What I was thinking about was a full benchmark orchestration interface, but I did miss the valid point that a model-local dispatch does the trick as well, and better.

But seriously, the "control" object discussion is perhaps worthwhile having.

It's a kind of input that appears in multiple places - and what I meant is not to have one object that does everything, but a common interface design.

I'm interested in adding active learning capabilities to MLJ so that I can train models from real-world streaming data like camera or microphone input. I assume this issue best fits that need? If so, can someone give me an example of what the update call to do active learning should look like from the user's perspective?

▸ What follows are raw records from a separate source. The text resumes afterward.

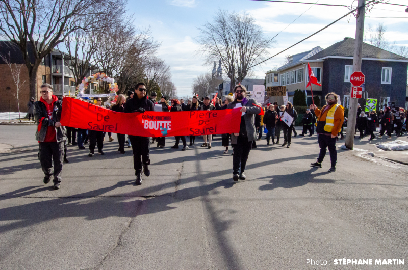 (Stéphane Martin, 30 mars 2026) – Plus de 150 personnes ont pris part à une marche funèbre dans les rues de Sorel-Tracy, ce lundi matin. Organisée dans le cadre du mouvement Le communautaire à boutte, la mobilisation réunissait des organismes de la région ainsi que leurs membres.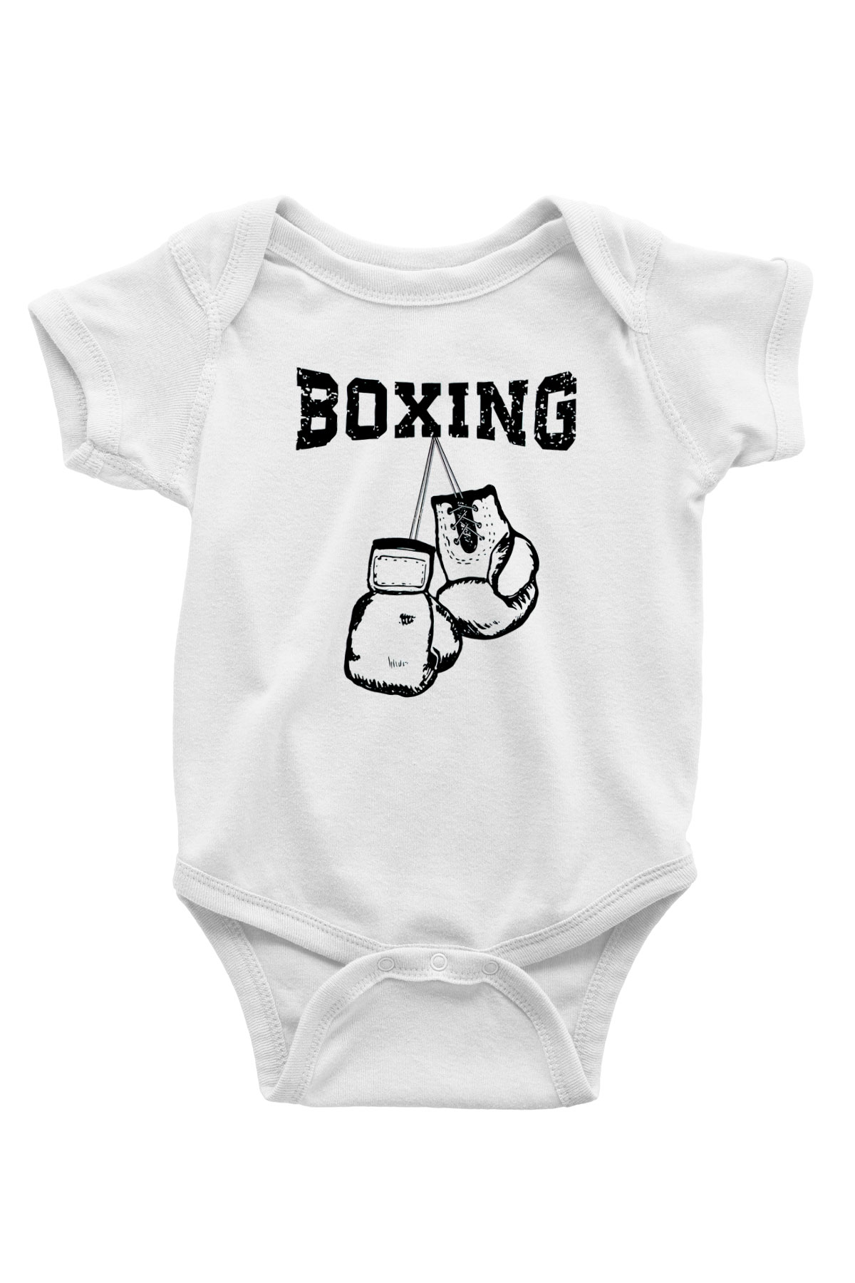 Boks Baskılı Beyaz Unisex Bebek Body - Zıbın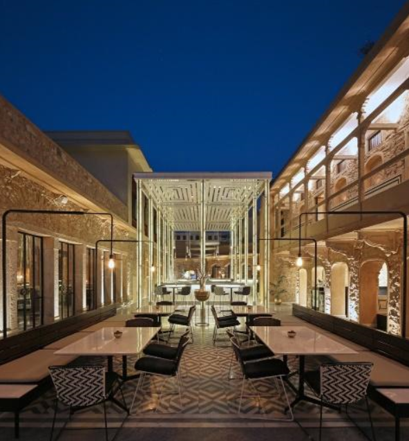Here’s the transformed view of courtyard of palace into café.

Online/active learning is not currently supported by MLJ. The update method is generally for "more iterations" as opposed to "more data". Although this thread is obviously related, the more appropriate place to discuss this would be #60.

I think this one is a little way off (months), as I should probably be the one to implement the core design and my priorities are currently elsewhere. There'll probably be an new add_data method for models and this will have to be implemented for each model you want to fit online. Obviously, as not every model can do this, there won't be a fallback. There will be control wrapper very much like the one I have proposed in the current thread, and if you wanted to do both kinds of control, you would just chain the wraps.

Some other things to keep in mind in this design: snapshots and callbacks.